На букву "М" (СИ) - Лабрус Елена
Дрим, обычно курящий сидя на подоконнике, невозмутимо вытряхнул из пачки сигарету, щёлкнул зажигалкой, но так и не сел. Хотя при его работе это почти единственная возможность за весь день вытянуть уставшие ноги.
— Боюсь, шеф вряд ли смотрел «Матильду», — оправдывалась я за нечаянный плагиат. Но главное — сработало, а на войне все средства хороши.
— Боюсь, и благородства в нём поменьше, — не разделив мой оптимизм, выпустил он струйку дыма в окно и, прижавшись спиной к стене, сложил на мощной груди покрытые татуировками руки.
Если даже избалованный козёл Вадичка после того поцелуя какое-то время вызывал у меня сердечные спазмы, то от пристального взгляда нашего могучего серьёзного брутального су-шефа моё падкое на мужскую красоту сердечко каждый раз буквально разбивал паралич. Дрим расплющивал его жалкое тяжёлым взглядом как бетонной плитой. И пока оно там трепыхалось бедное, я, вытянув шею, как кобра, зачарованная флейтой факира, жадно облизывалась глазами на его красивейшие в мире губы в обрамлении мужественного подбородка, спартанских скул и самой содрогательной из видимых мной когда-либо хмурой складки между бровей на лице благородного патриция, обветренного огнём горячих плит.
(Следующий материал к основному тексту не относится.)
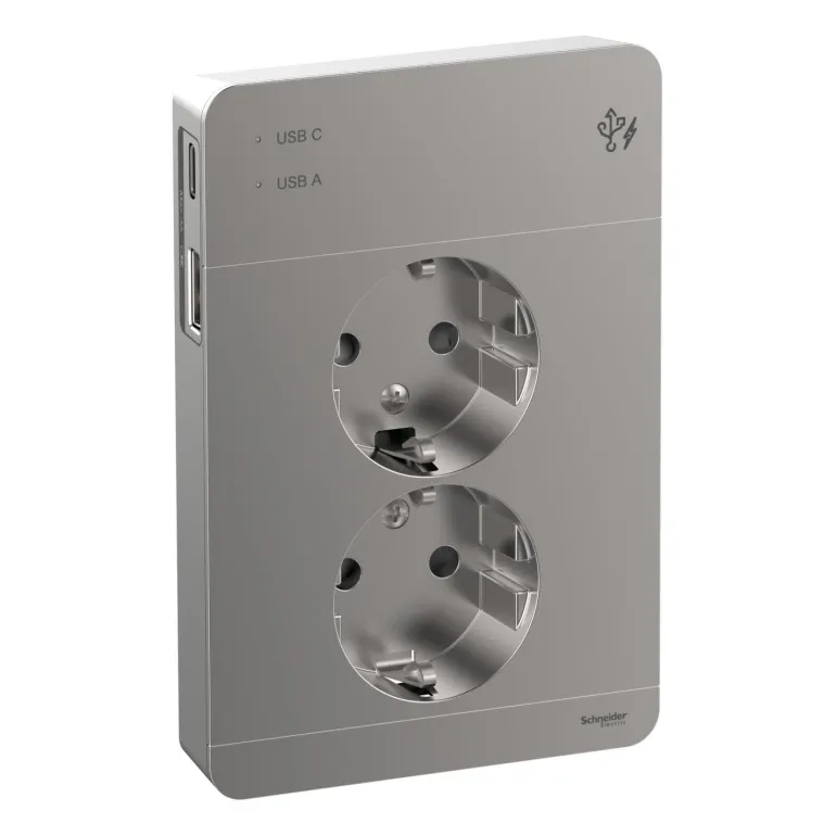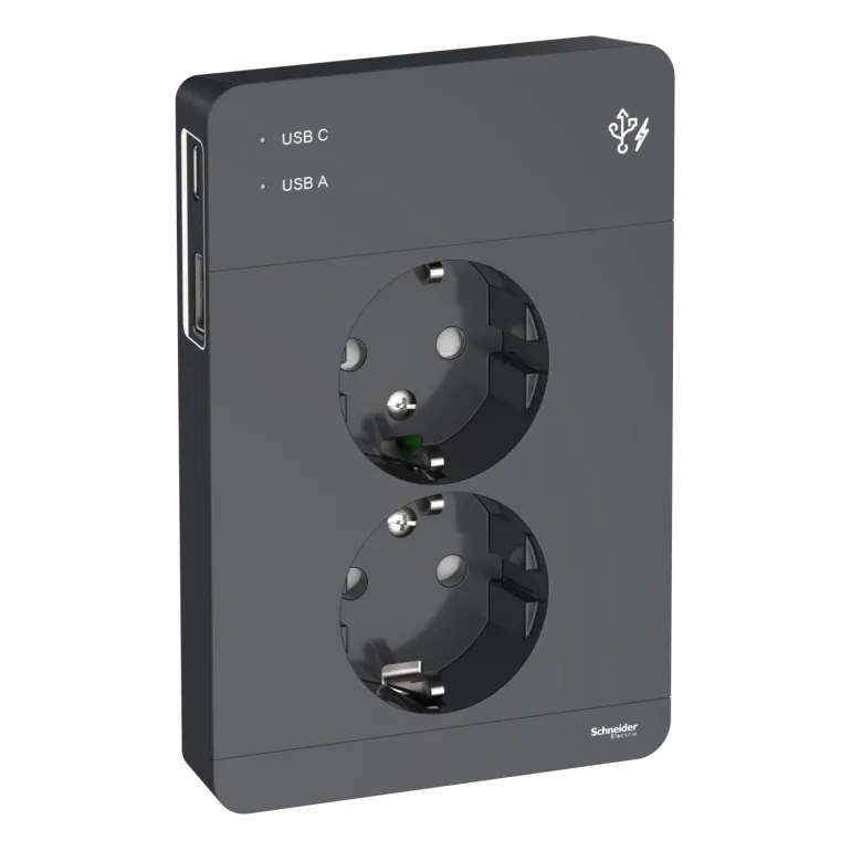 Schneider Electric Exxact on 2-osainen seinäpistorasia, joka on maadoitettu 16 A. Seinäpistorasia on varustettu USB-latauksella, tyyppi A + C (enintään 2,4 A tyypille A ja enintään 3 A tyypille C).

В белоснежном поварском кителе он казался боевым адмиралом за штурвалом корабля, а когда его снимал — пиратом. Исписанные в синеву полинезийскими узорами как заклинаниями, его руки вызывали священный трепет красотой рельефа античных статуй. Но его, словно вырезанные рукой Родена, губы совершенством исполнения превосходили даже их.
Нет, я не влюбчивая ворона! Я не виновата, что они такие красивые!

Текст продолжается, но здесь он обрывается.